-- Hardi Hamzah
MEMBANGUN watak bangsa atau nation character building kerap kita dengar dari para founding father kita. Berbeda dengan era pergerakan, membangun watak bangsa lebih bersifat populis dan lebih mengena di hati rakyat karena kebangsaan sebagai suatu nilai perjuangan dihimpun dalam terminologi nasionalisme.
Nasionalisme sebagai paham telah merajut semangat perjuangan antara rakyat dan pemimpin. Maka, jadilah nasionalisme sebagai instrumen perjuangan paling strategis. Dengan pekik merdeka atau mati, ini menandai bahwa nasionalisme telah mengkristal sejak era 1930-an sampai prakemerdekaan. Berbeda dengan sekarang, membangun watak bangsa telah bergeser arahnya. Untuk itulah tulisan ini dibuat.

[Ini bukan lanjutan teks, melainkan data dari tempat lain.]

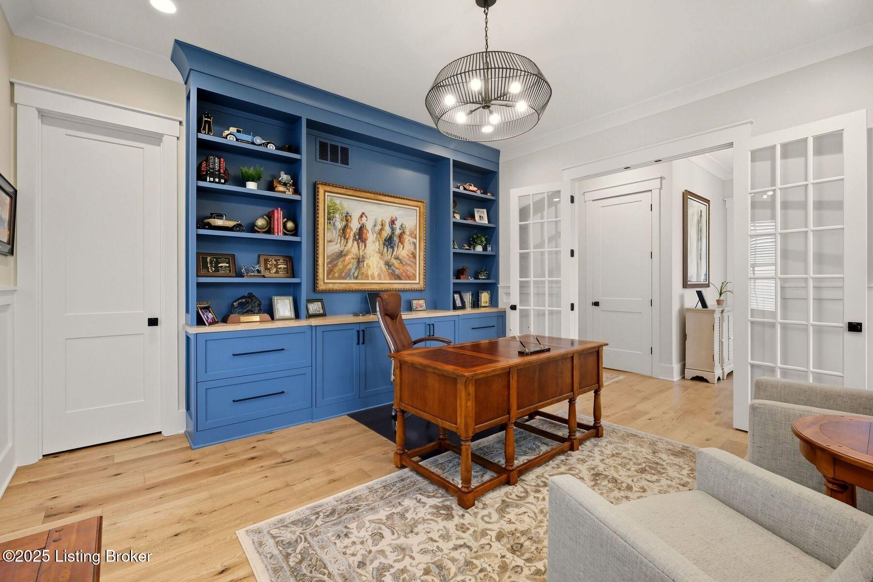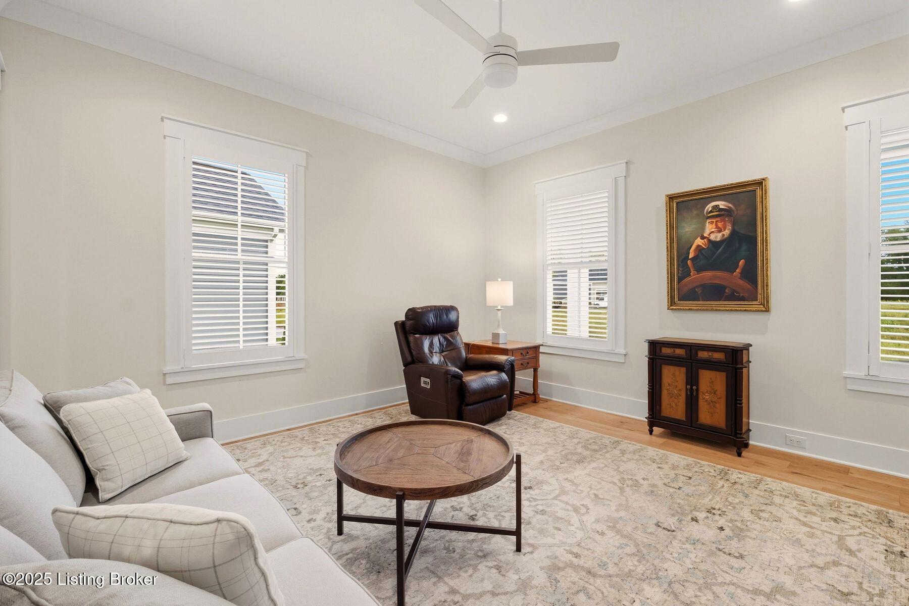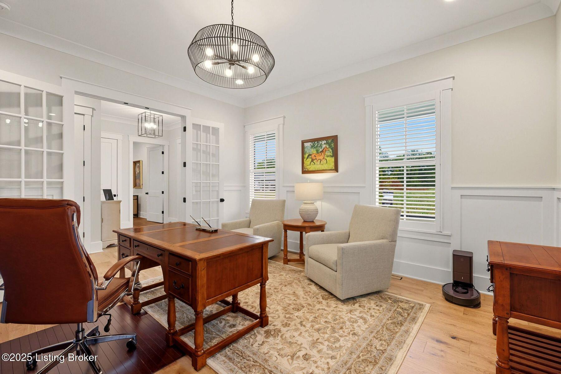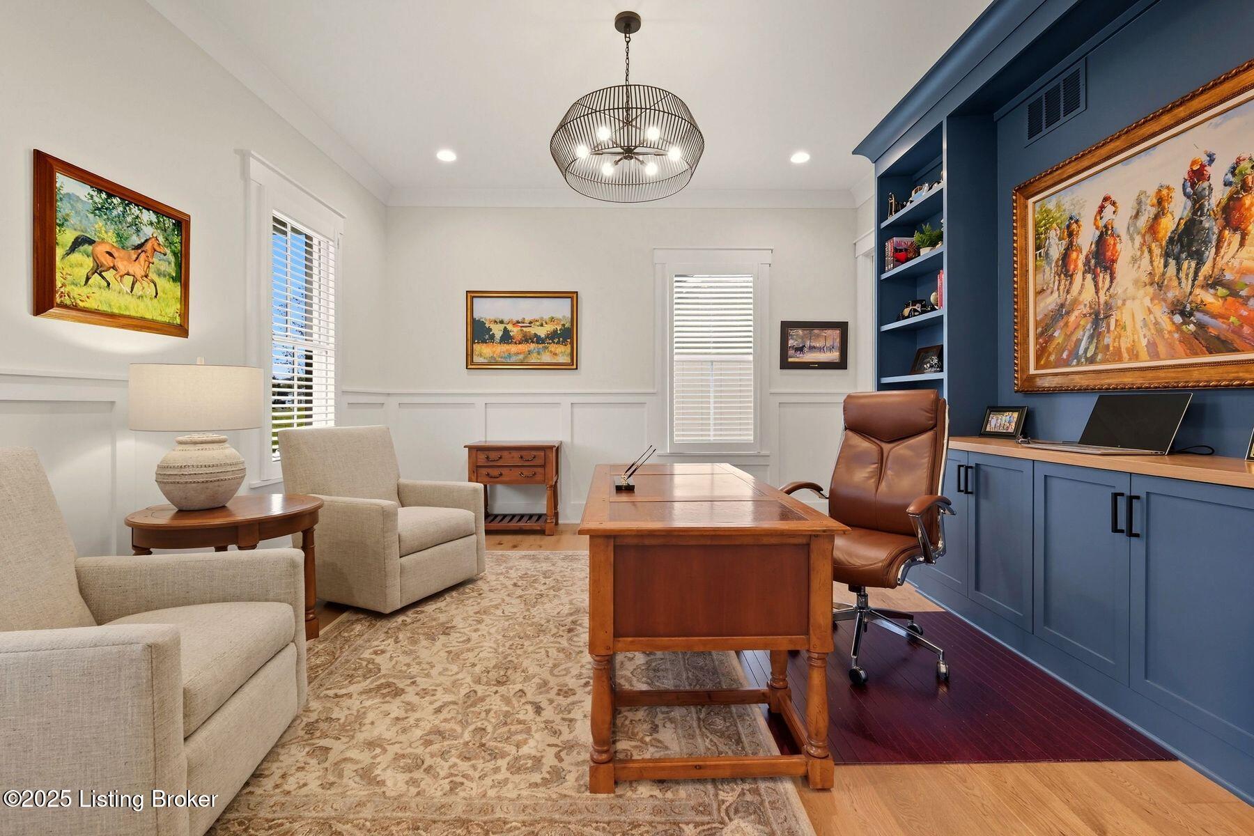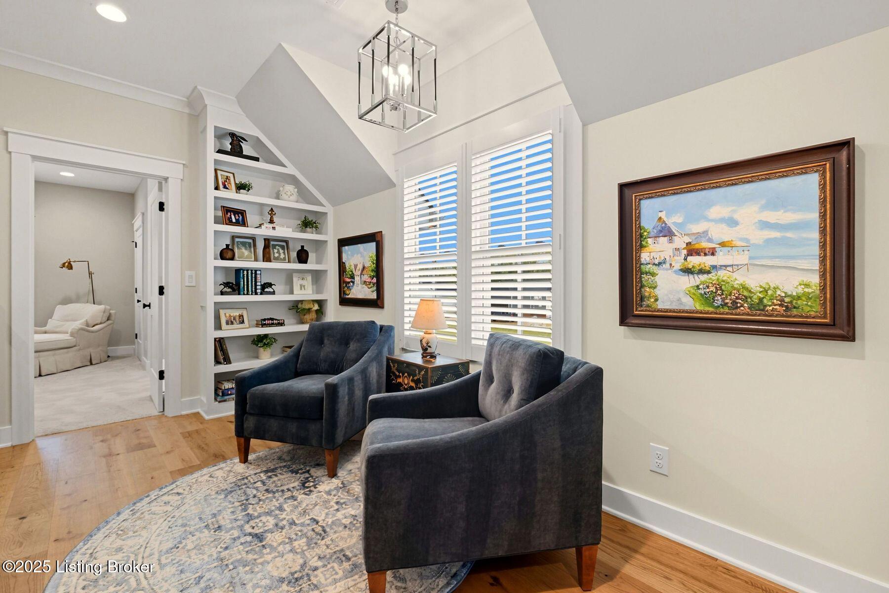 Introducing this thoughtfully crafted residence in the coveted Hamlet section of Norton Commons. A charming front porch framed by fresh landscaping sets a welcoming tone before stepping inside. The foyer introduces light-filled, purposeful spaces. To one side, a private sitting room with a full bath offers an ideal retreat for guests, while the opposite side features a handsome home office with floor-to-ceiling built-ins and a custom credenza--perfect for working or studying from home. A stylish powder room is tucked nearby for convenience. At the heart of the home, the gourmet kitchen boasts a large island, stainless steel appliances, and a spacious walk-in pantry. Flowing seamlessly into the dining area and gathering room, this open layout is designed for effortless entertaining. Extend gatherings outdoors to the screened-in porch with fireplace, creating a cozy haven for year-round enjoyment. The first-floor primary suite provides a luxurious retreat, complete with dual vanities, a generous walk-in closet, and spa like finishes. Conveniently connected, the laundry room offers direct access to the expansive three-car garage. Upstairs, two additional bedrooms and a full bath are joined by a landing highlighted with built-in bookshelvesand an inviting nook for reading or relaxation. The unfinished basement with egress window and full bath rough-in provides endless opportunities for future living space. Modern comfort is elevated with a geothermal system, ensuring both efficiency and sustainability. Blending elegance, comfort, and function in every detail, this home is ready to welcome its next owner. Schedule your private showing today.

Pemahaman nation sebagai suatu unsur terpenting untuk membawa masyarakat untuk berjuang, sesungguhnya dimulai dari beberapa tokoh pergerakan mendirikan organisasi atau himpunan. Dr. Anhar Gonggong mencatat kemunculan Boedi Oetomo 1908, sebelum muncul SDI pada 1905, adalah fenomena rasa percaya diri dan mulai mengkristalnya solidaritas kebangsaan.
Kendati Anhar Gonggong tidak mencatat itu sebagai embrio, penulis meyakini bahwa apa pun pergerakan, himpunan atau organisasi yang muncul pada awal abad ke 20 itu, jelas merupakan embrio bagi terakumulasinya kekuatan nasionalisme lanjutan dalam bentuknya yang lebih riil. Berdirinya PNI pada 4 Juli 1927, dan beberapa partai lainnya di bawah komando tokoh-tokoh pergerakan, tentu merupakan pengejawantahan dari semakin menguatnya nasionalisme itu.
Kini, setelah kebangkitan nasional berusia 103 tahun, apa yang dapat dilihat dari perspektif jangka panjang di era globalisasi dewasa ini? Pertanyaan yang sekaligus pernyataan itu sukar untuk menjawabnya, tetapi dinamika internal kebangsaan di setiap negara memaksa kita untuk menjawab pertanyaan plus pernyataan tersebut.
Nasionalisme di era globalisasi selalu saja berbenturan dengan pemahaman yang keliru, baik dalam konteks nasionalisme maupun dalam konteks globalisasi. Keduanya tampak berjalan sendiri-sendiri. Sejarawan Dr. Taufik Abdullah melihat ada kesamaan yang dapat dipadukan antara nasionalisme dan globalisasi.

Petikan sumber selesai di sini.